SparkFun has launched another experimental SparkX board design, offering stepper motor control on a Qwiic-compatible I2C bus — complete with built-in support for an emergency stop button and the ability to drive motors requiring up to 2A.

The Qwiic Step is SparkFun's latest entry in the SparkX board family, a range of experimental designs sold as fully-operational devices but without the guarantee that they'll become a regularly-produced line in the company's range, following the release of the Qwiic GPIO add-on board and BlackBoard C Arduino-compatible development board earlier this month. Like the Qwiic GPIO, the Qwiic Step is designed to bring additional functionality to a microcontroller's I2C bus: Simple control of stepper motors.

"Ever found controlling stepper motors confusing? There are a huge variety of wires to get connected right: power, motor coils, and control lines," the company explains of the reason for the board's existence. "And the tiny screwdriver to adjust the terminals is never where it should be. Qwiic Step simplifies the tangle. Just connect your motor to Qwiic Step using the ergonomic latch terminals, apply 8 - 35V to the barrel jack, and plug in Qwiic Step to your favourite RedBoard with a Qwiic cable.

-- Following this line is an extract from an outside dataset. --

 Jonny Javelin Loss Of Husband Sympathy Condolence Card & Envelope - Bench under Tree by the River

"Qwiic Step comes preprogrammed to accept simple I2C commands, handling all the complex stepper motor calculations and control.This firmware leverages the AccelStepper library to fine tune each step of the motor. The speed, acceleration, position, and micro-step mode can be configured by the user. Additionally, the hold and run voltage of the motor is adjustable. This allows the user to specify maximum hold and run currents."

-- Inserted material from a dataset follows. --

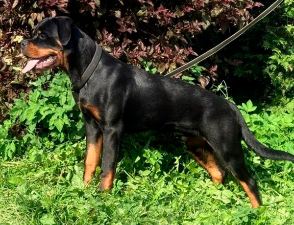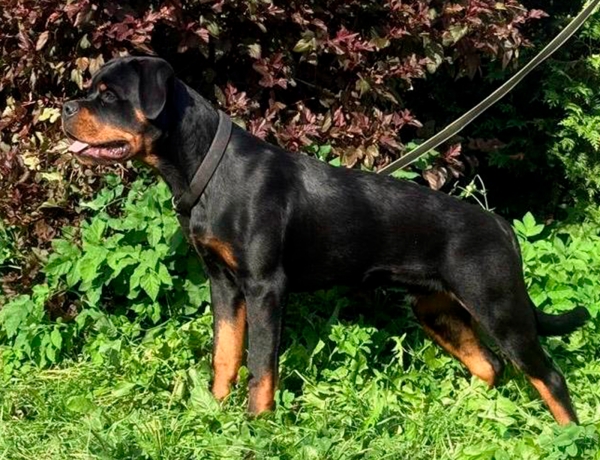 Парень имеет атлетичное, сухое сложение, великолепно двигается. У него отличный костяк, красивая породная голова, крепкие лапы и наполненная морда. Мужественный и уверенный в себе парень с устойчивой психикой.

The Qwiic Step is based on the A4988 stepper motor driver, supporting motors up to 2A with power supplied via barrel-jack or a latching two-pin terminal. Heat is sunk through a large ground plane, with the option to add heatsinks — not supplied — if required. The design includes support for open-drain bussed limit switches and an emergency stop button, offers a range of interrupt options, and can run entirely standalone: Once programmed, the Qwiic Step can replay commands automatically at power-on.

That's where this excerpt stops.